- Exercise prompt
Restate word for word the lines below that run from the one holding "of the SMPS." through the one holding "Бор алмазный 886, цилиндр", inclusive. Pictures don't belong in the copy.

---------- Material for this exercise

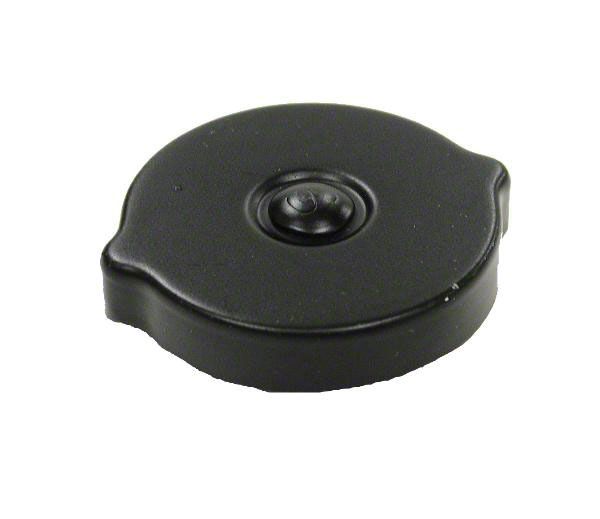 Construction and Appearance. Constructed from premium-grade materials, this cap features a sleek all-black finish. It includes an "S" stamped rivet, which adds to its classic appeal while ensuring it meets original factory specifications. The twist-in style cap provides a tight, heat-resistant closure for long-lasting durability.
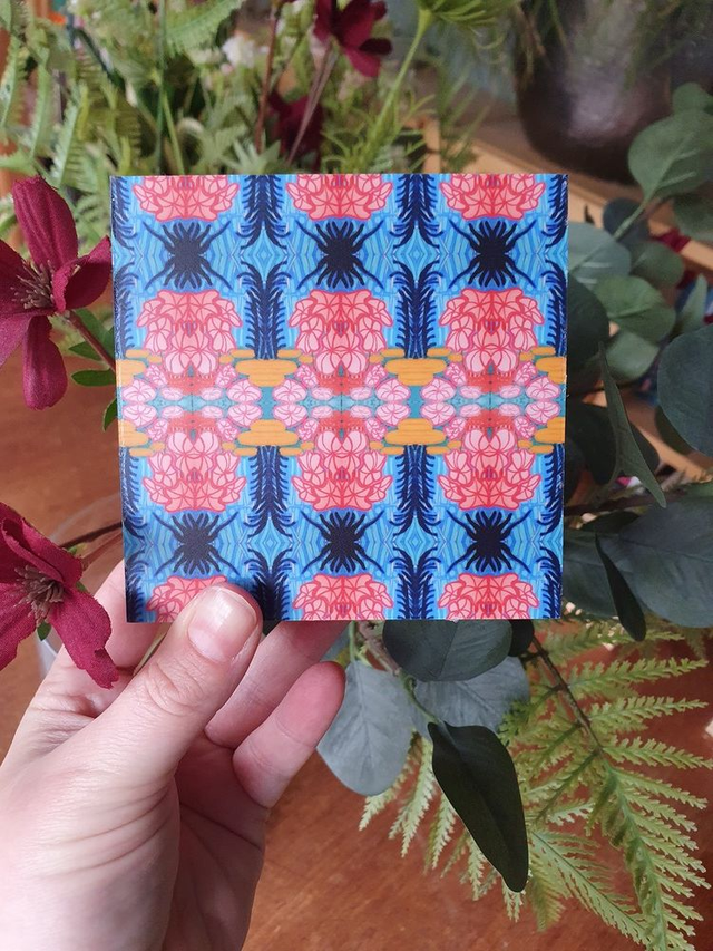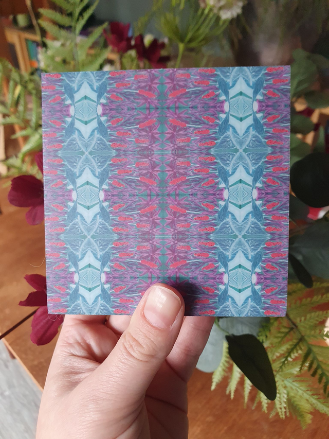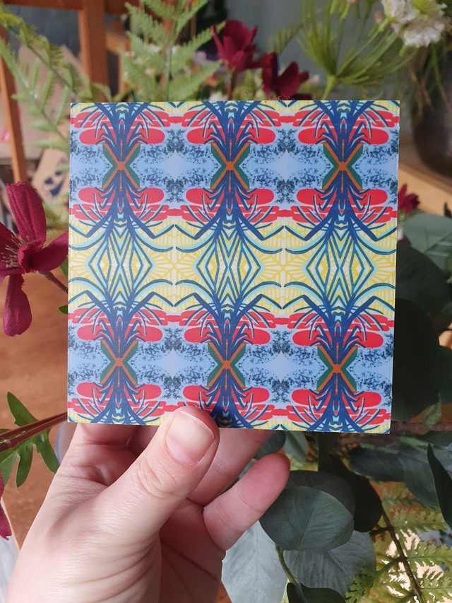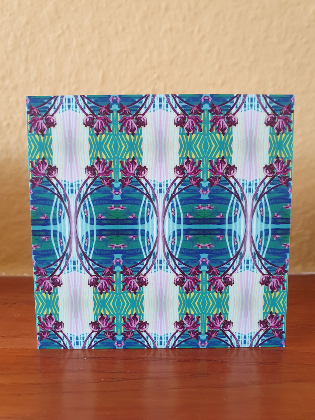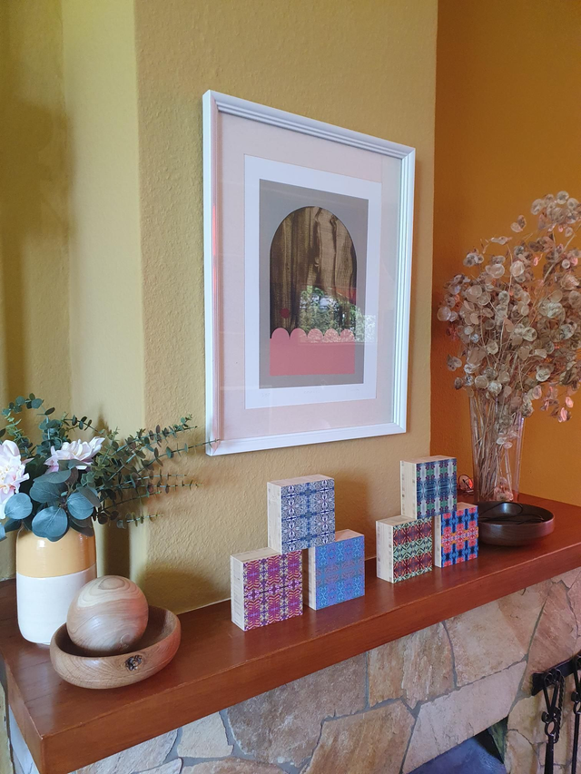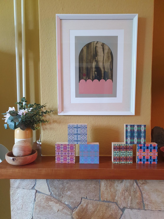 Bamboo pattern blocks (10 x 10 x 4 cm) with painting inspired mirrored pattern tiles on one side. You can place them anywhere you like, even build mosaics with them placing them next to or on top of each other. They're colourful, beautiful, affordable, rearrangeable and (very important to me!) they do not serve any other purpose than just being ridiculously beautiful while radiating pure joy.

--------------------
---------- Material for this exercise

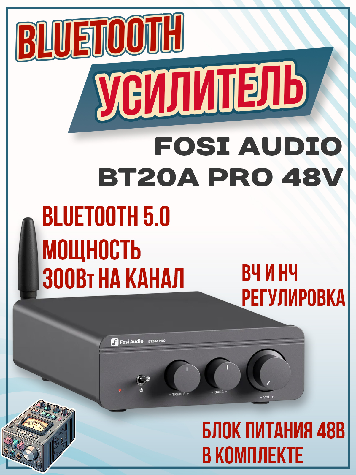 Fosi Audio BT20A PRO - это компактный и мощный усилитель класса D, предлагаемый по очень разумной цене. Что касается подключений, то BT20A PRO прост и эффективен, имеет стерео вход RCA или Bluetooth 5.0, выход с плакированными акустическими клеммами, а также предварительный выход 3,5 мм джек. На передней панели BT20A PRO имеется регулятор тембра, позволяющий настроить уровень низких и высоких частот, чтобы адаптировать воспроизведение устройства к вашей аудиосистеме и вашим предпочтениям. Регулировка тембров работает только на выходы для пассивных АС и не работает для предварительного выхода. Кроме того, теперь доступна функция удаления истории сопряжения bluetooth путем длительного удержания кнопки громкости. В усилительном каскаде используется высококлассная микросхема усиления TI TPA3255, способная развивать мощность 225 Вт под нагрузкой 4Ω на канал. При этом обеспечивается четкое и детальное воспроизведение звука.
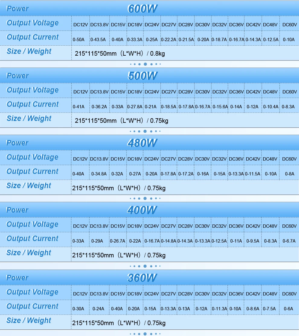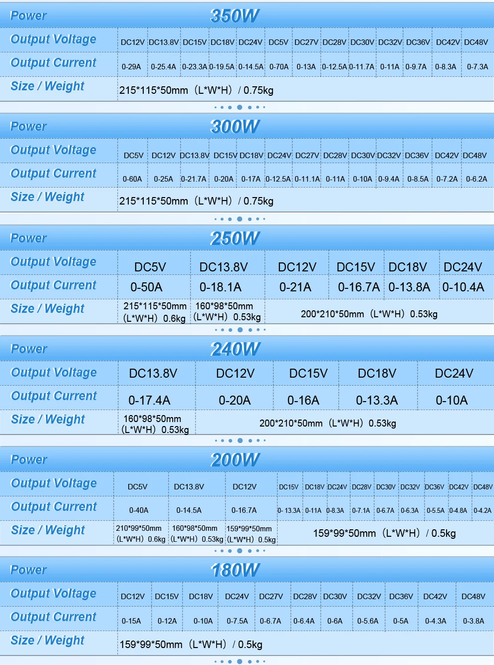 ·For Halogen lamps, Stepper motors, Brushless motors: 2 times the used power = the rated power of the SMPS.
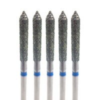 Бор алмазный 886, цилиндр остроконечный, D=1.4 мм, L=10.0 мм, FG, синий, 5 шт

--------------------

- Solved problem
 ·For Halogen lamps, Stepper motors, Brushless motors: 2 times the used power = the rated power of the SMPS.
 Бор алмазный 886, цилиндр остроконечный, D=1.4 мм, L=10.0 мм, FG, синий, 5 шт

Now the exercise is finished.